Maggie Hart Stebbins, District 3 Bernalillo County commissioner:
“We consistently see that our criminal justice system is really failing people who suffer from mental illness or substance use disorders. … We’re really working to build a comprehensive network, a continuum of care — services outside the jail walls so that patients can start treatment and continue their recovery post-release and break that cycle of crime, incarceration and substance abuse.”
Dr. Christopher Manetta, medical director for Behavioral Health, Presbyterian Healthcare Services:
“Relapse is a part of recovery. So we need to look at harm reduction as opposed to absolute abstinence 100 percent of the time. … People who suffer from both … psychiatric conditions and substance disorders are at higher risk for suicidal and homicidal behaviors, poor treatment adherence, higher relapse rates and higher hospitalization rates.”

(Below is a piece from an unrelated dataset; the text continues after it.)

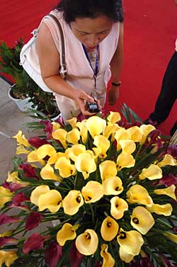 一位市民在花卉博覽會上拍攝。 | 云南是當之無愧的“中國花卉產業大省”。據云南省花卉產業聯合會統計,2006年云南省花卉產業總產值71.99億元;自1994年以來,云南鮮切花產量已連續13年雄踞全國第一,在全國鮮切花消費市場上,云南鮮切花占據70%左右的市場份額。 “云花”為什么這樣“紅”?云南省花卉產業聯合會有關人士分析,原因之一是云南有著得天獨厚的氣候和地理條件,另一方面則與云南地方政府的大力扶持密切相關。 云南獨特的立體氣候,使各種氣候類型的花卉,無論溫帶的還是熱帶、亞熱帶的,都能在這里找到自己的適生地。尤其在以昆明、玉溪為中心的滇中地區,冬無嚴寒、夏無酷暑,世界主要鮮切花品種在這一帶都能實現周年規;a,而且品質優良。 “十五”以來,云南省委、省政府把發展花卉產業作為實施綠色經濟強省戰略的重要內容,從政策扶持、資金投入、環境條件等方面采取一系列措施,促進花卉產業發展。云南省登記在冊的花卉及相關企業達1028家,從事鮮切花、盆花及食用、藥用、工業用花卉生產和園林綠化苗木生產的農戶達8.7萬余戶。 在產業規模實現快速發展的同時,云南花企注重擁有自主知識產權的花卉新品種研發。據省花產聯統計,截至今年5月底,云南花企和科研單位擁有鮮切花新品種自主知識產權證書達23個,還有一批新品種已經通過初審。有的花農也自發購買國外專利新品種花卉,以提升產品質量。2006年5月,呈貢縣花農魯榮華通過代理機構,向德國坦陶公司引進1萬株玫瑰新品種“櫻桃白蘭地”,一時間在業界引起轟動。 盡管在產業規模等方面實現了快速發展,但云南花卉產業也存在不少困難和問題。去年10月,云南省政府出臺了《關于加快發展出口導向型花卉產業的意見》,《意見》提出:到2010年,云南花卉產業總產值力爭實現140億元,出口率30%以上!笆晃濉逼陂g云南要進一步加快花卉產業發展步伐,推進實施優質花卉倍增、國際市場拓展、物流運輸通暢、品種研發創新、“云花”品牌打造五大工程,繼續保持“云花”在國內市場的領先地位,并把云南花卉建成優勢明顯的出口導向型產業。 |

Dr. Mauricio Tohen, chairman of UNM Health Sciences Center’s psychiatry department:
“Patients with psychiatric conditions are more vulnerable than the general population” to drug abuse. “I think if there’s a take-home message today it’s that addiction to opiates is not a ‘bad behavior’; it is an illness. Another important point is that age matters. Most psychiatric conditions develop in adolescence. In fact, it is the adolescent brain … that is the most vulnerable.”
Katrina Hotrum, director of Bernalillo County’s Department of Substance Abuse Programs:
“The folks that we deal with at MATS (Metropolitan Assessment and Treatment, the county’s detox facility) are primarily chronic users (of illegal substances). … Until we start putting the components together, from abstinence to harm reduction, and trying to stabilize these individuals’ basic needs, we’re going to struggle to get ahead of this problem.”